Moreover, pointer-to-member mangling with conversions across class
hierarchy has been enabled.

Diff Detail

Event Timeline

bolshakov-a created this revision.Mar 19 2023, 11:03 AM
Herald added a project: Restricted Project. · View Herald TranscriptMar 19 2023, 11:03 AM
bolshakov-a requested review of this revision.Mar 19 2023, 11:03 AM
Herald added a project: Restricted Project. · View Herald TranscriptMar 19 2023, 11:03 AM
Herald added a subscriber: cfe-commits. · View Herald Transcript

Added the code owners here. There doesn't seem to be anything questionable here to me, but I want to make sure someone who really knows what is going on takes a look.

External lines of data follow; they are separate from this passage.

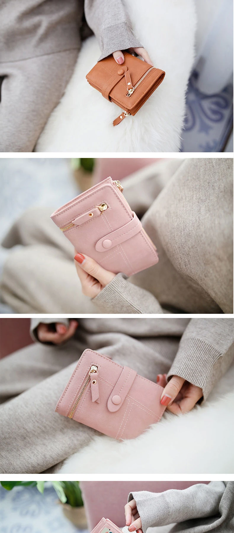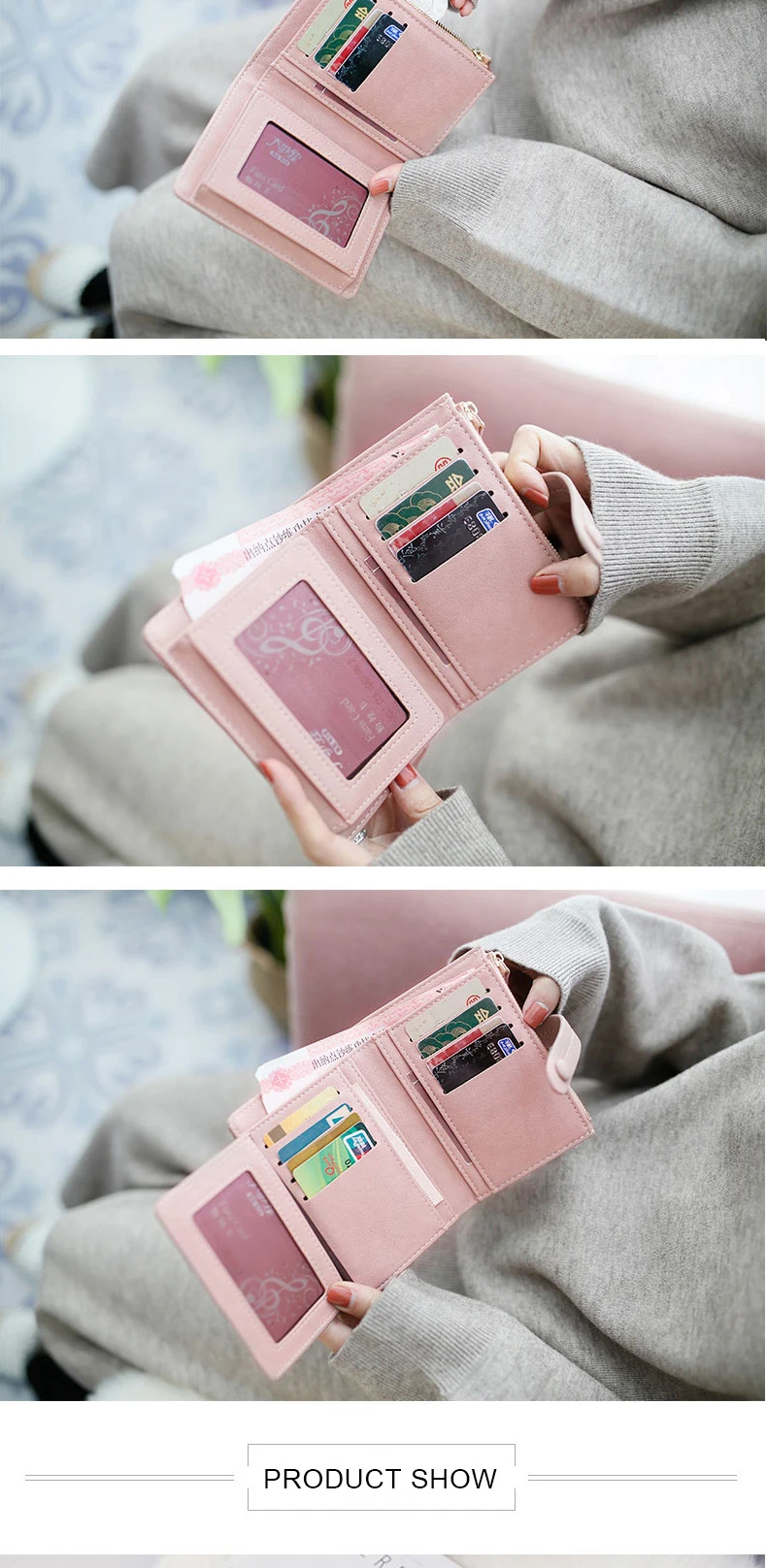 Кошелек женский, многофункциональный, компактный, складывается в три сложения, бумажник для студента
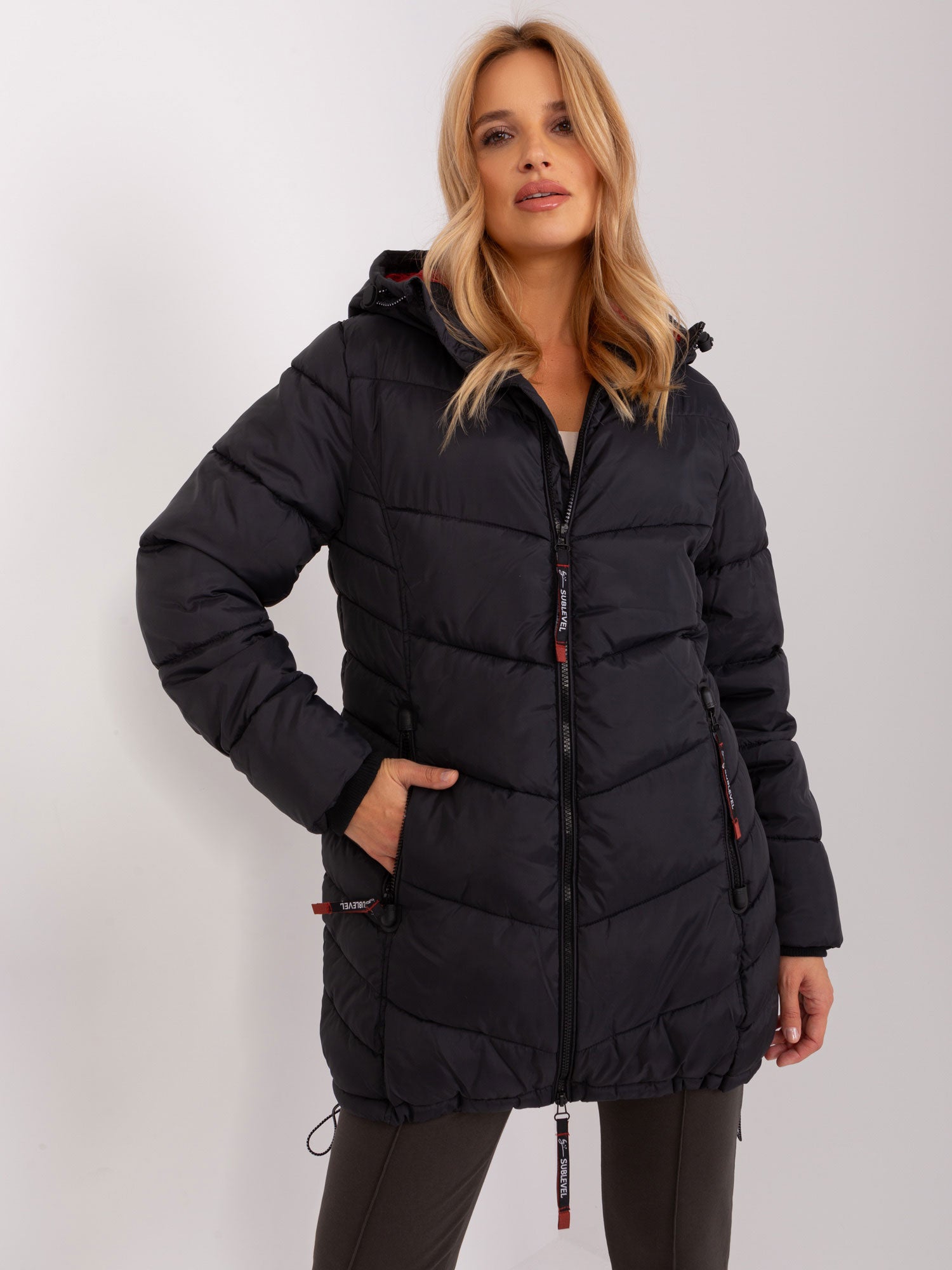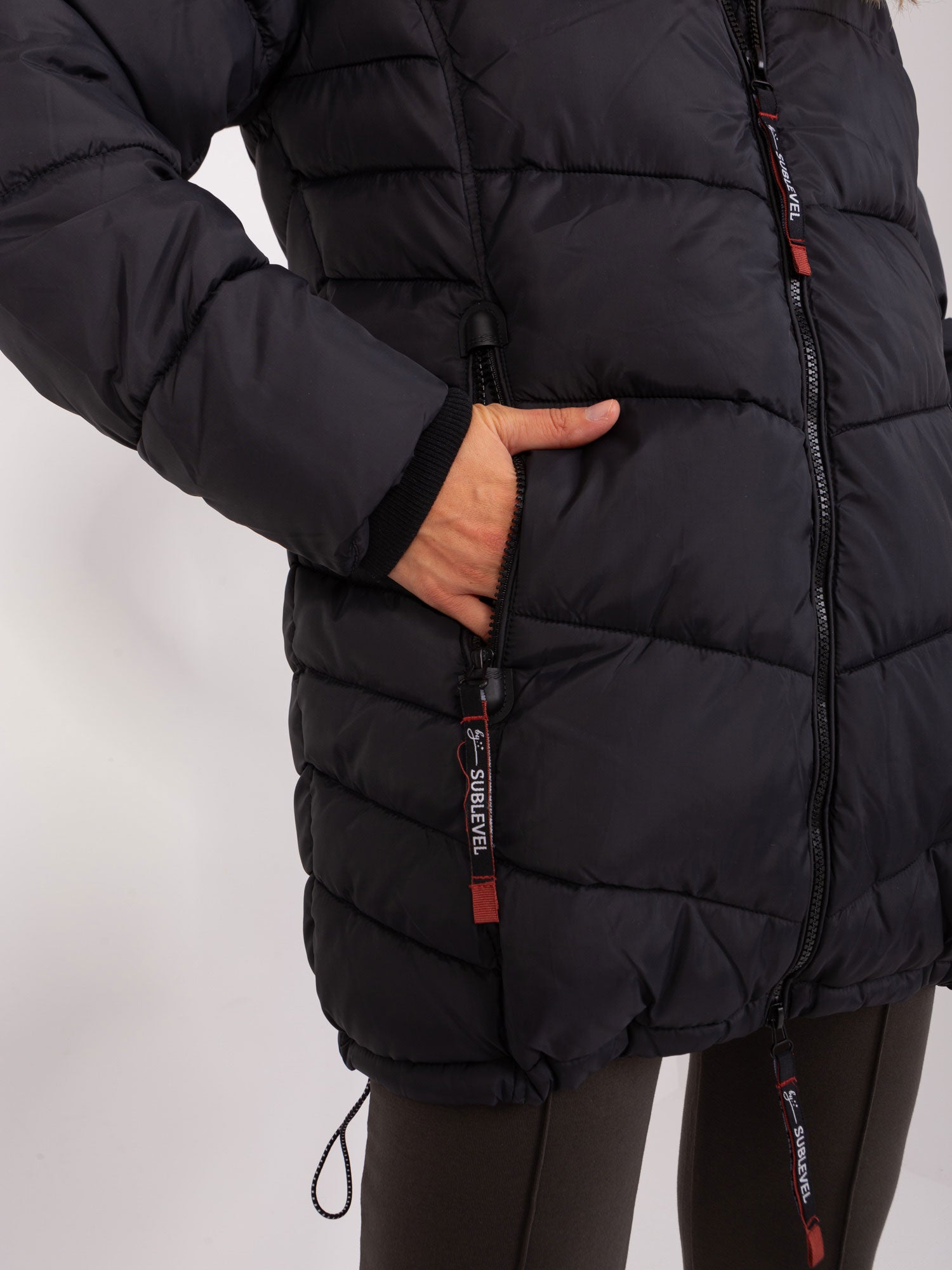 Czarna kurtka zimowa z kapturem SUBLEVEL.
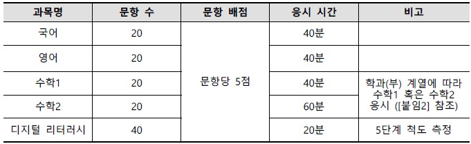 신입생들이 4과목(국어, 영어, 수학, 디지털 리터러시)에 의무적으로 응시하시기 바랍니다.
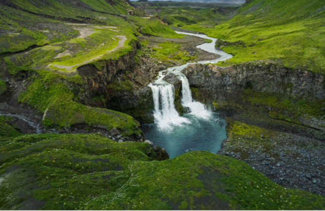스코가포스는 에이야피얄라요쿨과 미르달스요쿨이라는 두 개의 빙하에서 직접 강물이 공급된다는 점이 독특합니다. 화창한 날에는 거대한 분출구에 의해 만들어지는 쌍무지개가 방문객을 맞이합니다.
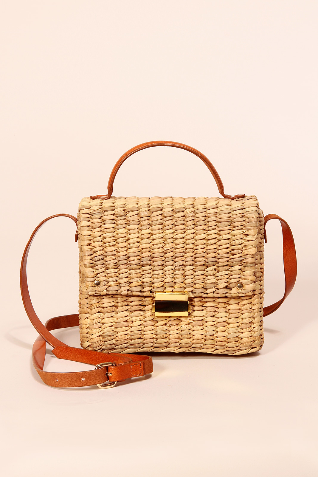Die Tasche Bardot in der Farbe Natural von Petite Mendigote besteht aus Straw und Leder.
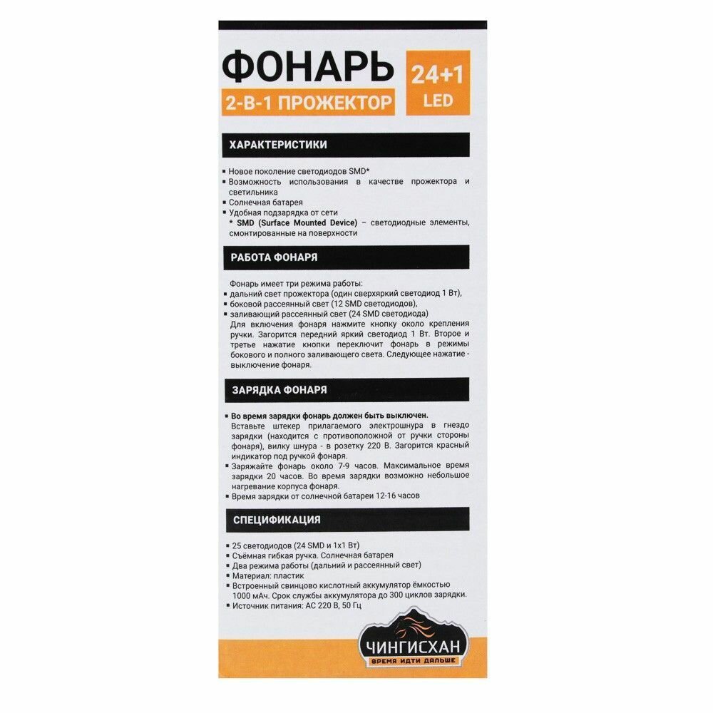 Чингисхан Фонарь прожектор 2-в-1 аккумуляторный 24 SMD + 1 Вт LED, шнур 220В, пластик, 17,5x7,5 см
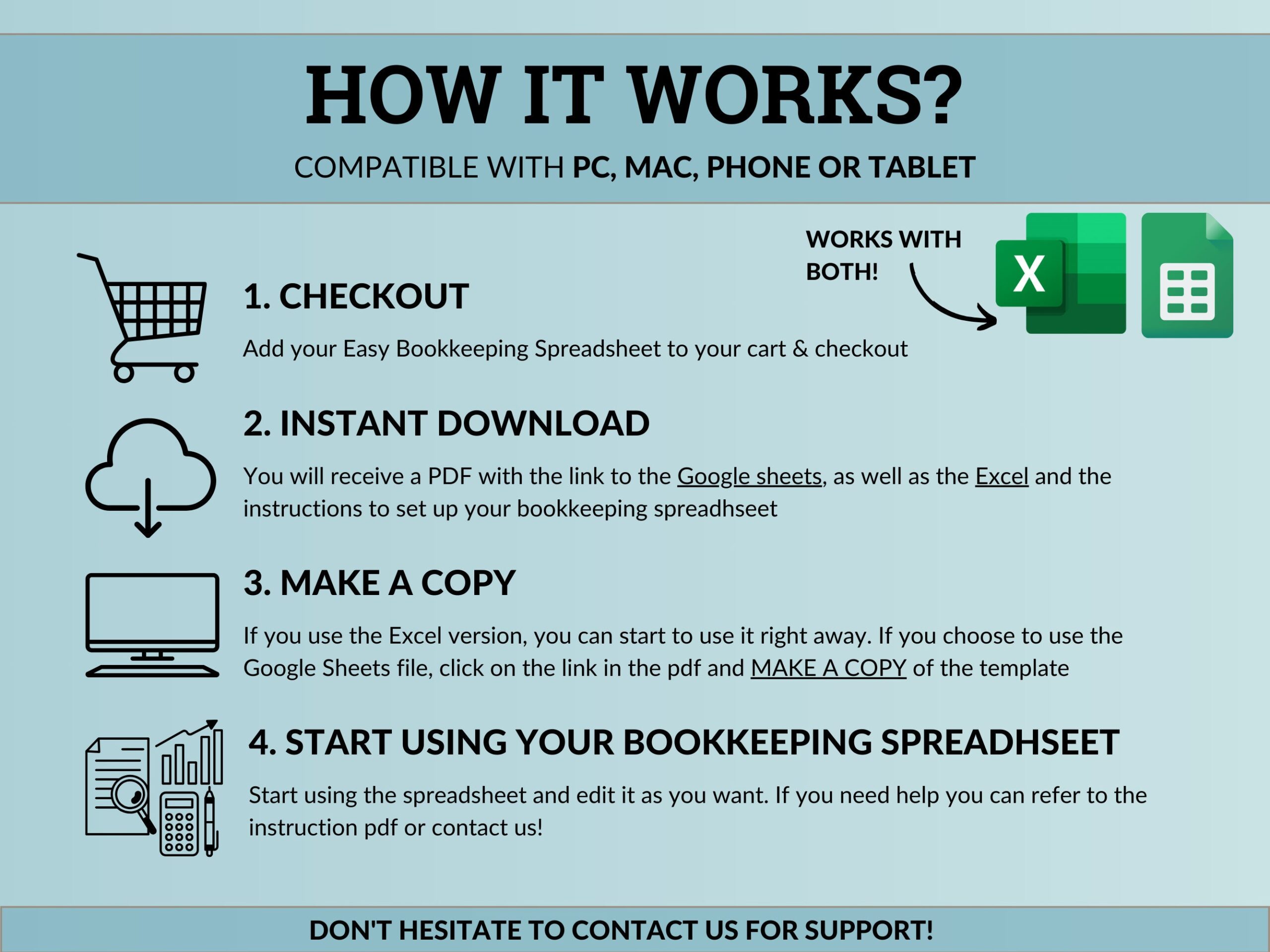 ✓ PDF with the link to the Easy Bookkeeping Spreadsheet for Google Sheets
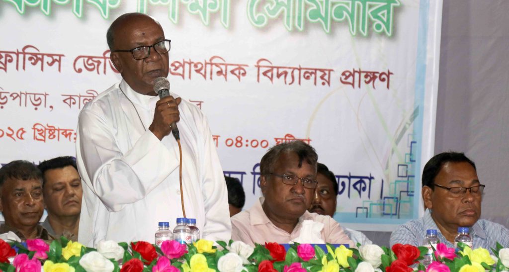 শিক্ষা সেমিনারের শুরুতেই পবিত্র বাইবেল থেকে পাঠ ও প্রার্থনা পরিচালনা করেন সুপারভাইজরি কমিটির সদস্য মারিয়া ডি’কুনা।
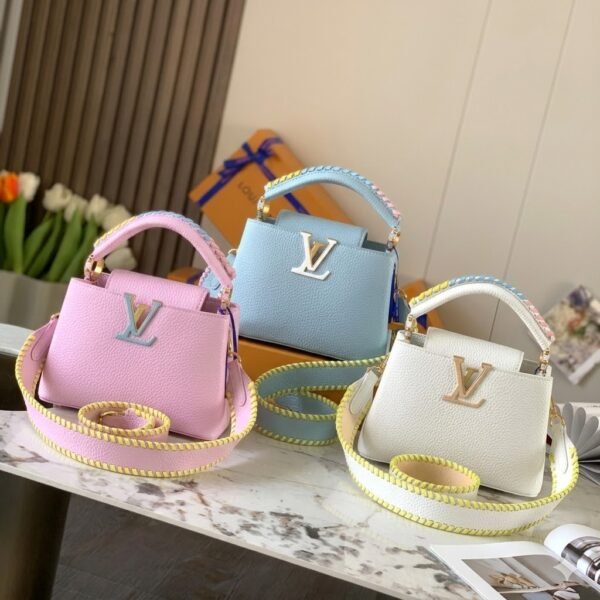 The true standout feature of this charming design is the intricate, multi-colored leather braiding that elegantly frames both the sturdy top handle and the edges of the wide, two-tone shoulder strap. This beautiful woven craftsmanship perfectly complements the soft, elegant pastel finish of the signature LV initials on the front, creating a cohesive and deeply sophisticated aesthetic. Designed for modern versatility, it comes equipped with a fully detachable wide strap for a highly comfortable shoulder or crossbody carry, alongside the classic top handle for a chic hand drape.
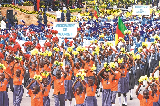 當地時間5月20日,學生列隊行進在喀麥隆首都雅溫得舉行的國慶日活動上。當天是喀麥隆國慶日。新華社發(fā) (科普索 攝)
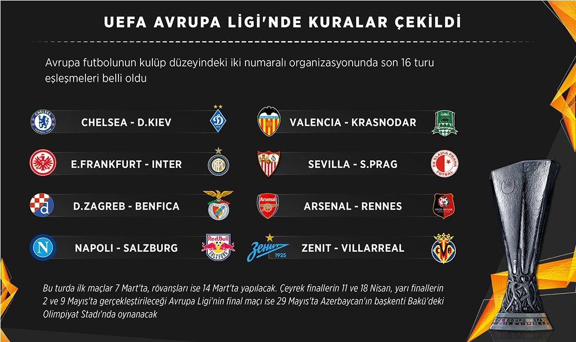 Avrupa Ligi son 16 turu eşleşmeleri şöyle:
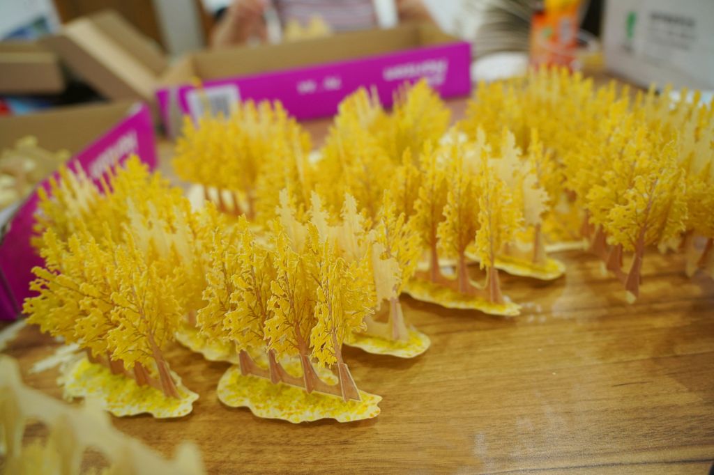 除了浓浓的科技味外,该款录取通知书全部由高年级学生志愿者“纯手工”组装而成。打开的录取通知书,右上方呈现的是立体可折叠的金黄色银杏树林造型。银杏是学校的特色树种,每一个银杏树林造型都由刨切微薄竹制作,而后由高年级学生志愿者纯手工组装而成,最终呈现3D的金黄色银杏树林造型。每一个3D版刨切微薄竹录取通知书,组装时间需要3到5分钟不等,饱含着志愿者们对新生的真诚期待和美好祝愿。
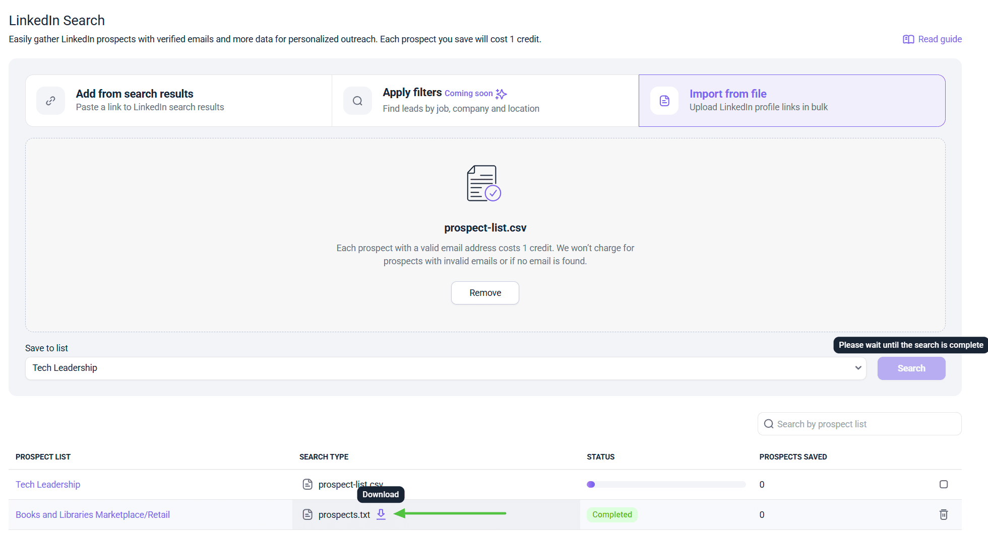 文件上传功能允许您批量搜索潜在客户。
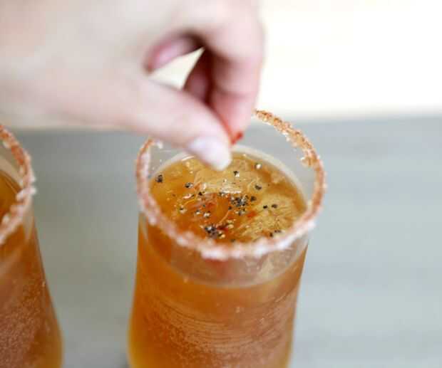 Añadir una ligera pizca de pimienta agrietada y pimentón ahumado en la parte superior de cada bebida.
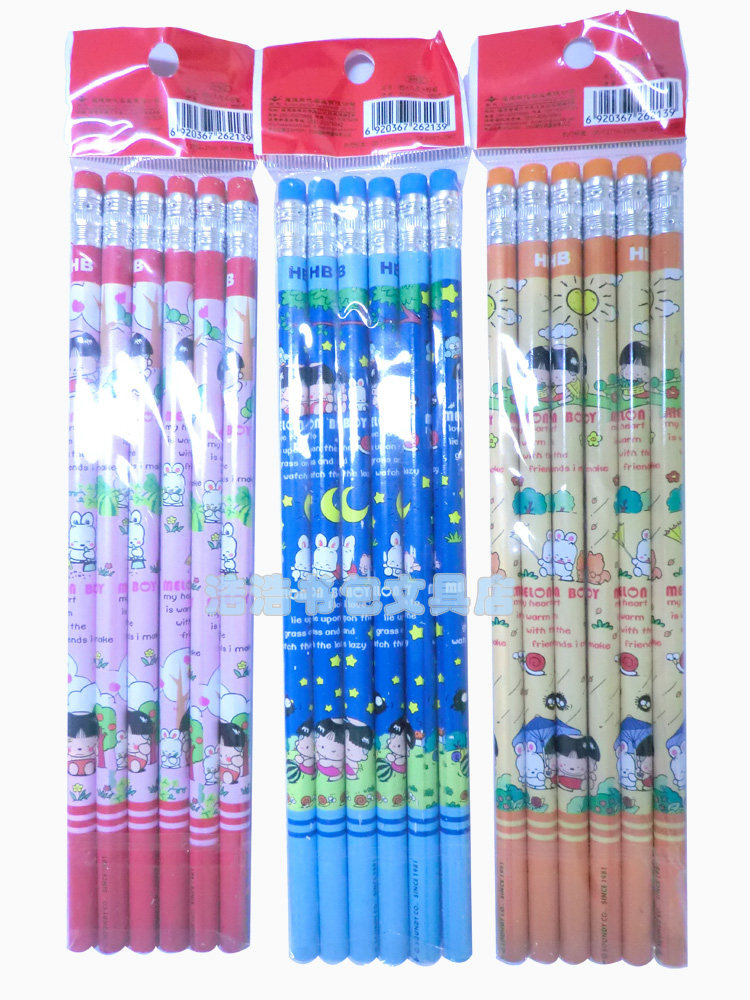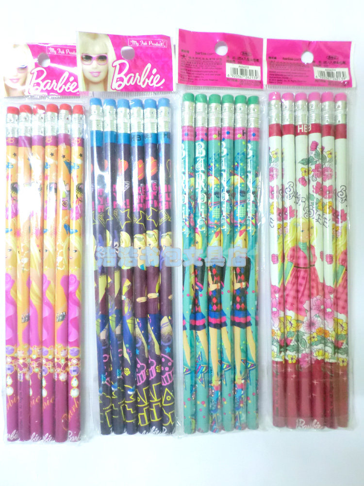 专柜正品~芭比-西瓜6入皮头铅笔 橡皮头铅笔 HB铅笔 小学生文具

efriedma added inline comments.
clang/lib/AST/MicrosoftMangle.cpp
723

It's not obvious to me why the inheritance model is relevant here. If you want to check if the class has virtual bases, please do that explicitly. (Note that the inheritance model can be messed with using attributes; see https://learn.microsoft.com/en-us/cpp/cpp/inheritance-keywords.)

1875

It might be more clear here to use APValue::isNullPointer(), instead of checking if getMemberPointerDecl() returns null. At first glance, it's not really obvious why getMemberPointerDecl() would return null. And in theory, it's possible to have a non-null APValue where getMemberPointerDecl() returns null (although in this context, such cases should get rejected earlier).

rjmccall added inline comments.Mar 20 2023, 5:36 PM
clang/lib/AST/MicrosoftMangle.cpp
723

It would at least be good to test what exactly this is based on.

If RD is the base class of the member pointer type, isn't RD followed by the unqualified name of VD potentially ambiguous when there's any inheritance at all? You don't even need multiple inheritance, just the presence of multiple classes in the hierarchy that declare a field with the same name. I mean, if that's what MSVC does then we need to match it, but we should make certain by testing member pointers at different positions in the hierarchy of the declared base.

(And this is assuming the MSVC model that restricts what subclass member pointers are allowed in superclass member pointer types.)

Add test cases on unspecified inheritance.

Mangle pointer-to-members with conversion.

Pointer-to-member-functions with conversions across hierarchy work fine, as I can see.

I don't still understand how to mangle nested unnamed tags in general.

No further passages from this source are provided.